Panel C shows the conversion of 25-hydroxyvitamin D3 to 1α,25-dihydroxyvitamin D3 by 1α-hydroxylase as determined by high-performance liquid chromatography. The results of normal-phase high-performance liquid chromatography are shown on the left and those of reverse-phase high-performance liquid chromatography on the right. The upper panels show the retention times of authentic vitamin D derivatives (1α-hydroxyvitamin D3 [1α(OH)D3], 25-hydroxyvitamin D3, 24R,25-dihydroxyvitamin D3 [24R,25(OH)2D3], 1α,25-dihydroxyvitamin D3, and 1α,24R,25-trihydroxyvitamin D3 [1α,24R,25(OH)3D3]) as determined by ultraviolet absorption at 264 nm. The lower panels show the production of 1α,25-dihydroxyvitamin D3 as determined by high-performance liquid chromatography when COS-1 cells were transfected with wild-type 1α-hydroxylase expression plasmid in the presence of tritiated 25-hydroxyvitamin D3. Note that the retention times of a converted metabolite matched those of authentic 1α,25-dihydroxyvitamin D3 in both normal and reverse phases (arrows).

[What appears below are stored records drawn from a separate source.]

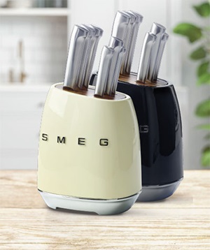顾客在商店或网上(只要有)购买合格产品,每花20美元,就能获得一张贴纸。顾客可于11月2日至1月24日期间,根据他们所喜爱的SMEG刀,领取一定数量的贴纸,以换回六把SMEG刀中的一把,或售完即止。总共有六把刀要收集。此外,有了部分付款的选择,客户可以更快捷、更容易地得到他们最喜欢的SMEG刀具。顾客也有机会把他们的贴纸贴在SMEG刀块,可在奶油或黑色。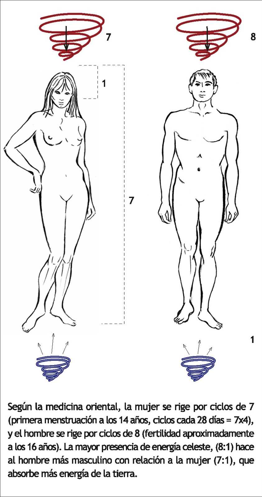 Al contrario que las plantas, que reciben principalmente su energía de la tierra, a la que están arraigadas, los seres humanos, como animales que somos, tomamos más energía del cielo que de la tierra. Somos, de hecho, el animal que más energía celeste es capaz de captar. La proporción entre energía celeste y energía terrestre de que estamos cargados es, aproximadamente, de siete a uno, que, por cierto, es también la proporción ideal, según los clásicos, entre el tamaño del cuerpo y el de la cabeza. Existe, sin embargo, una pequeña diferencia entre el hombre y la mujer que explica la polaridad y hasta la atracción entre ambos: el hombre está más cercano a la proporción de ocho a uno. De ahí que los ciclos de la mujer se rijan por múltiplos de siete y los del hombre por múltiplos de ocho. La mujer comienza a menstruar, o comenzaba a hacerlo, a los 14 años. Actualmente, la primera menstruación se ha adelantado debido al excesivo consumo de carne y de proteína animal —factores yang—, pero el ciclo sigue repitiéndose cada 28 días, un múltiplo de siete; y un embarazo dura 280 días. En el hombre, en cambio, la pubertad llega a los 16, un múltiplo de ocho; y los 40 marcan en general un momento significativo.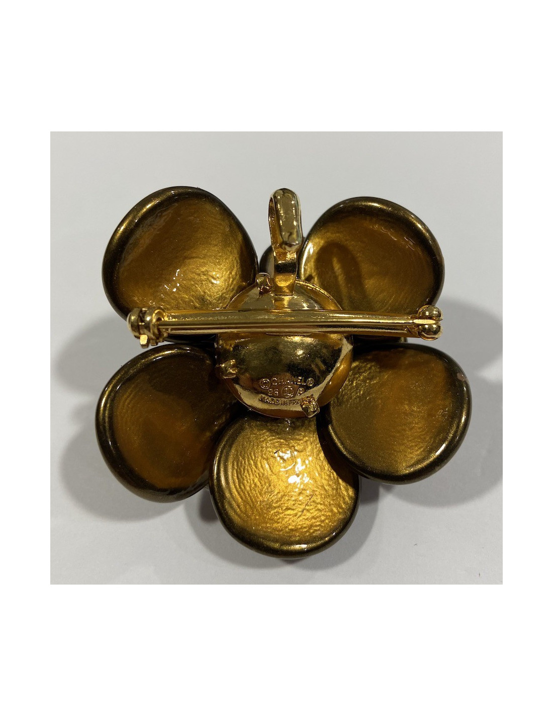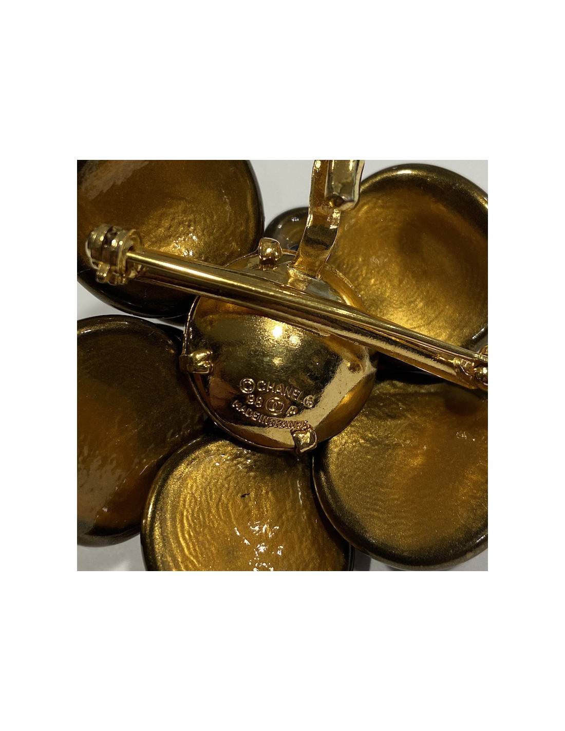 Broche Chanel camélia dorée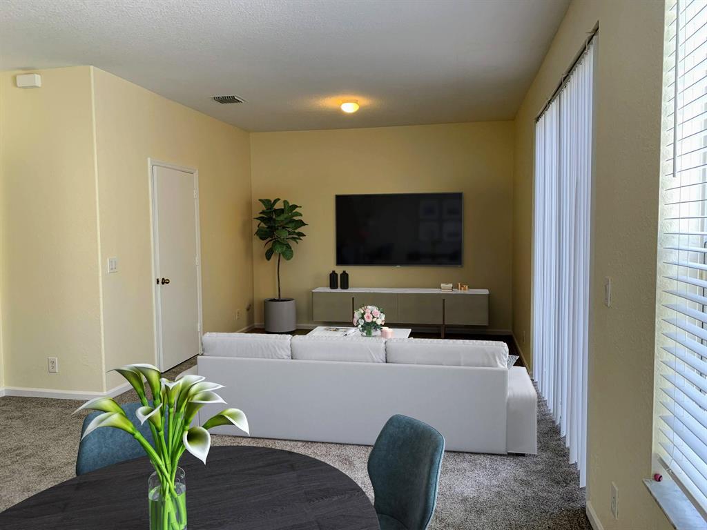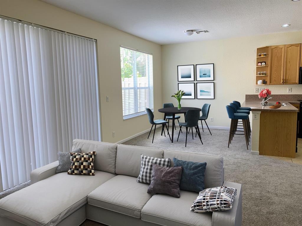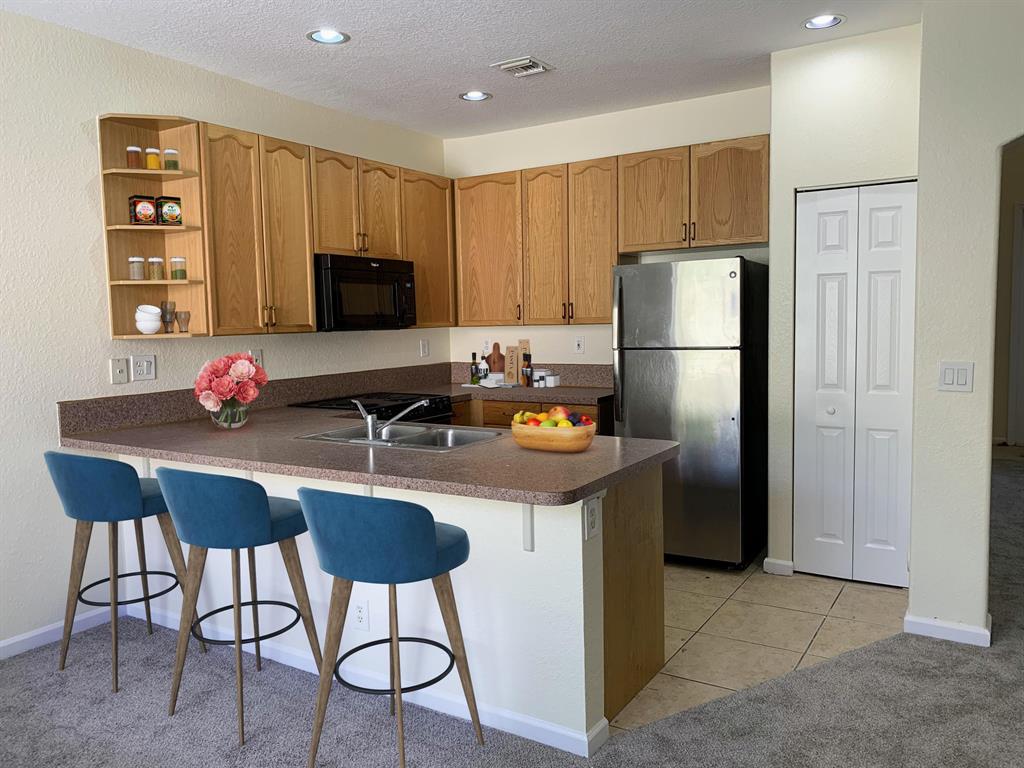 Value abounds in this attractive and functional home located in the gated and centrally located Lakes of Laguna community. The 2-story foyer with arched window welcomes you into a generously-sized living and dining room which leads to a kitchen with breakfast bar & dining area overlooking the family room. The 2nd floor houses the full-size washer & dryer, oversized master bedroom with private bath and 2 other bedrooms. Other special features include: brand new 4 ton Trane AC; new carpet & paint throughout; double walk-in closets & Roman tub in master b.r.; hurricane panels for all windows; fully fenced backyard w/full paver coverage for easy maintenance & cherry wood cabinets in kitchen. Reasonable HOA fee includes front yard lawn cutting.

Panel D shows the conversion of 25-hydroxyvitamin D3 to 1α,25-dihydroxyvitamin D3 by the wild-type (lane 2) and mutant (lanes 3, 4, 5, and 6) 1α-hydroxylase proteins. The activity of 1α-hydroxylase was determined by high-performance liquid chromatography, as in Panel C. Note that all the mutants failed to convert 25-hydroxyvitamin D3 to 1α,25-dihydroxyvitamin D3 (lanes 3, 4, 5, and 6). Values corresponding to the mean (±SE) for three independent experiments are shown.